Référence : 2017 CF 545

[TRADUCTION FRANÇAISE]

Ottawa (Ontario), le 2 juin 2017

En présence de monsieur le juge Locke

Dossier : T-389-11

ENTRE :

APOTEX INC.

demanderesse

et

ASTRAZENECA CANADA INC.

défenderesse

Dossier : T-1668-10

ET ENTRE :

ASTRAZENECA AKTIEBOLAG, ASTRAZENECA CANADA INC. et ASTRAZENECA UK LIMITED

demanderesses/
défenderesses reconventionnelles

et

APOTEX INC. et
APOTEX PHARMACHEM INC.

défenderesses/
demanderesses reconventionnelles

ORDONNANCE ET MOTIFS

[1]               La présente ordonnance vise des conflits entre les parties (ci-après appelées Apotex et AstraZeneca) découlant de la lecture, lors du procès, des passages de l’interrogatoire préalable, comme le prévoit l’article 288 des Règles des Cours fédérales, DORS/98-106 (les Règles). Ces conflits, qui ont été débattus au cours du procès, s’inscrivent dans deux catégories :

  1. En ce qui concerne certains des éléments qu’Apotex propose de consigner en preuve, AstraZeneca tente d’ajouter des extraits pertinents en vertu de l’article 289 des Règles.
  2. Quant à certains des éléments qu’AstraZeneca propose de consigner en preuve, Apotex s’oppose à leur inclusion.

[2]               J’examine chacune de ces catégories à tour de rôle.

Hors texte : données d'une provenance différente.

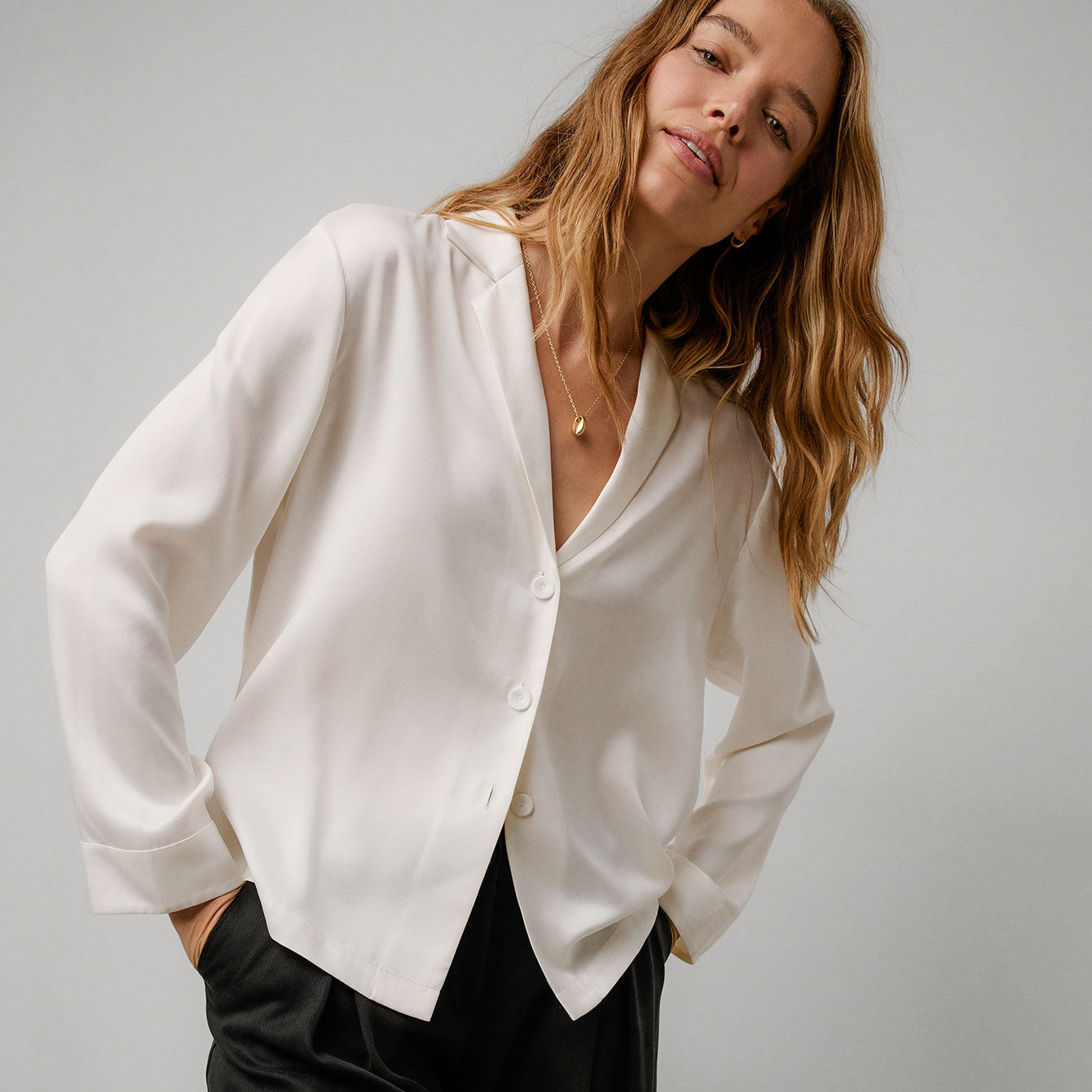 Consider the Washable Silk Button Up Long Sleeve your button-down upgrade. 100% Washable Silk, and cut to flatter without trying too hard. Tailored fit, silk-covered buttons, and a subtle back yoke adds just enough structure. Effortless, elevated and pairs with the our Washable Silk Boxer Short for a matching look. Or mix and match to your liking. Perfect for bridal prep, desk-less days, or any occasion that demands more than your average button-up.

I.                   Extraits pertinents proposés par AstraZeneca

[3]               Les parties ne semblent pas contester le droit applicable. L’article 288 des Règles permet à une partie de présenter en preuve, à l’instruction, tout extrait des dépositions recueillies à l’interrogatoire préalable d’une personne interrogée pour le compte d’une partie adverse. L’article 289 des Règles prévoit que lorsqu’une partie présente en preuve des extraits en vertu de l’article 288 des Règles, la Cour peut lui ordonner de produire « tout autre extrait de ces dépositions qui, à son avis, est pertinent et ne devrait pas être omis ». La jurisprudence applicable (que j’ai scrutée dans la décision que j’ai rendue dans l’affaire MediaTube Corp c. Bell Canada, 2016 CF 1066) mène à la conclusion que je devrais permettre des extraits pertinents seulement :

     (i)            lorsque le témoin n’a pas bien compris un élément de la question qui lui a été posée;

   (ii)            lorsque le passage consigné en vertu de l’article 288 des Règles dénature les propos du témoin;

 (iii)            lorsque le passage consigné en vertu de l’article 288 des Règles manque de contexte ou de matière.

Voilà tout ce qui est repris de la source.